> EXERCISE REQUIREMENTS:
Word for word, print each line of the listing below; pictures stay out.

> GIVEN INFORMATION:
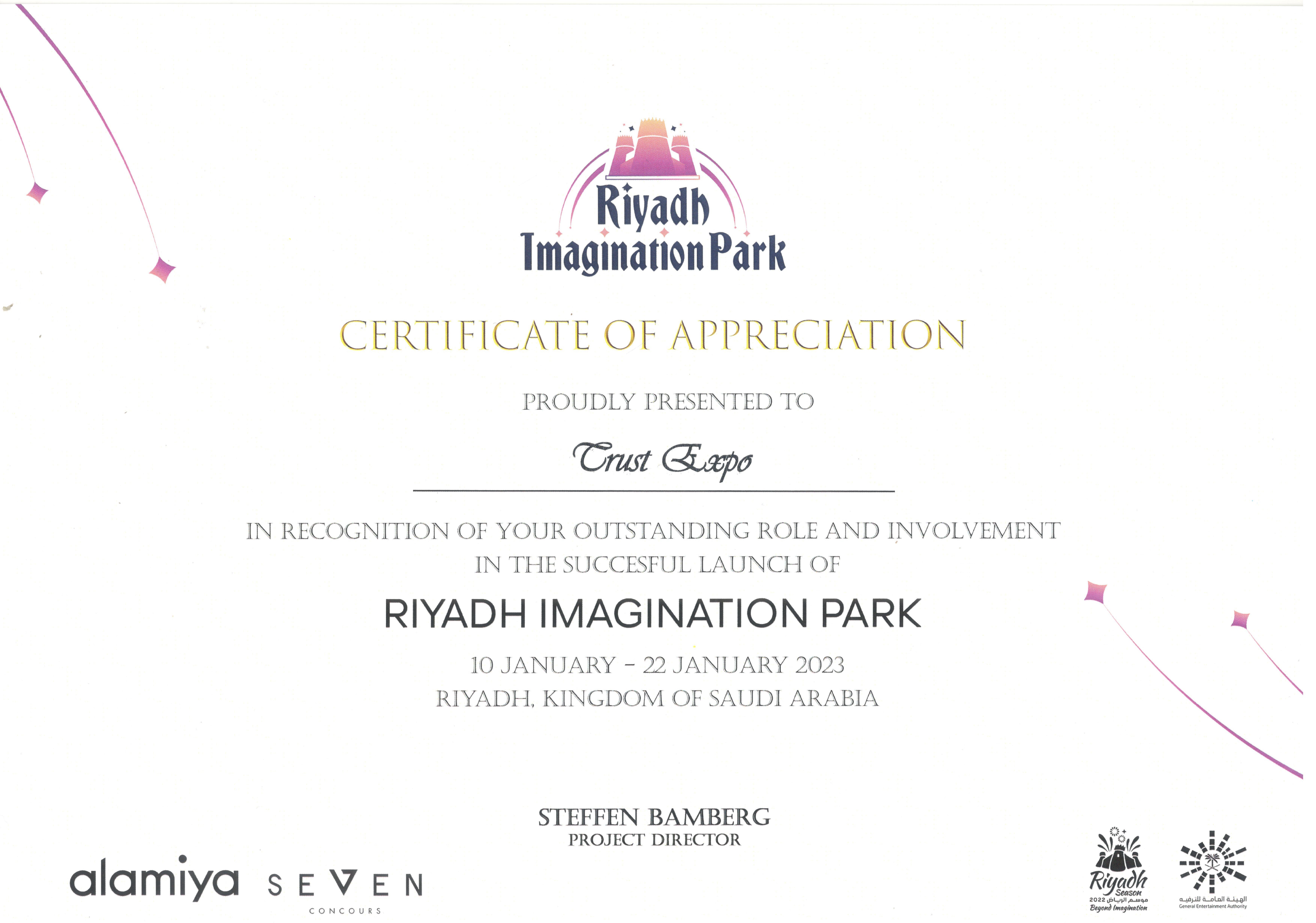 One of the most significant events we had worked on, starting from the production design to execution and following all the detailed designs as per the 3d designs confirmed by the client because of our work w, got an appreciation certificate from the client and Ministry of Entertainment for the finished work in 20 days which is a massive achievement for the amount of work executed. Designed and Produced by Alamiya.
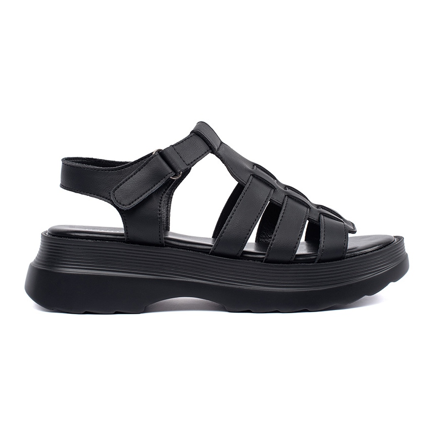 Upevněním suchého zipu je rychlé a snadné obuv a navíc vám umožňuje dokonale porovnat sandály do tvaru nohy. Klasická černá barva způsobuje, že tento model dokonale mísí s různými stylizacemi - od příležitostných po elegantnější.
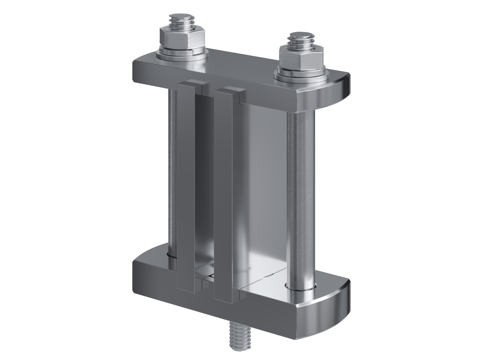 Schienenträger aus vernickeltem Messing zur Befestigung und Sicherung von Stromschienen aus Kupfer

> COMPLETED EXERCISE:
 One of the most significant events we had worked on, starting from the production design to execution and following all the detailed designs as per the 3d designs confirmed by the client because of our work w, got an appreciation certificate from the client and Ministry of Entertainment for the finished work in 20 days which is a massive achievement for the amount of work executed. Designed and Produced by Alamiya.
 Upevněním suchého zipu je rychlé a snadné obuv a navíc vám umožňuje dokonale porovnat sandály do tvaru nohy. Klasická černá barva způsobuje, že tento model dokonale mísí s různými stylizacemi - od příležitostných po elegantnější.
 Schienenträger aus vernickeltem Messing zur Befestigung und Sicherung von Stromschienen aus Kupfer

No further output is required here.